The Transitional Legislative Council of Sudan ( al majlis al tashrieiu al aintiqaliu al sudaniu) is an interim legislative body to be formed in Sudan as part of the 2019–2024 Sudanese transition to democracy.

Background
Following a coup d'état in April 2019, both houses of the National Legislature of Sudan were dissolved and a Transitional Military Council was formed. In July 2019, the Transitional Military Council and the Forces of Freedom and Change coalition of civil society organisations agreed a constitutional declaration for a transition to an elected government in 2022. Under the terms of this agreement, a transitional government is to be appointed and a Transitional Legislative Council is to be formed.

Composition
Under the terms of the constitutional declaration, the Transitional Legislative Council is to be formed within three months of the declaration entering into force.
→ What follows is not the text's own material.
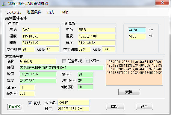 b-13.変換ボタン 任意形状ONの時、障害物緯度経度・幅・奥行き・傾きより構造物のコナーの緯度経度一覧へ変換

The Forces of Freedom and Change (FFC) group will nominate two-thirds of the members of the council with the remaining third appointed by "other forces". The council is to have no more than 300 members of which a minimum of 40% should be women. Members of the National Congress Party are not permitted to be members of the council. Other criteria for membership are being a Sudanese national, at least 21 years old, not having been convicted of a criminal offence, possessing integrity and competence and being able to read and write.

Lebanese academic Gilbert Achcar credits the No to Oppression against Women Initiative and Women of Sudanese Civic and Political Groups for having been influential in obtaining the 40% quota for women.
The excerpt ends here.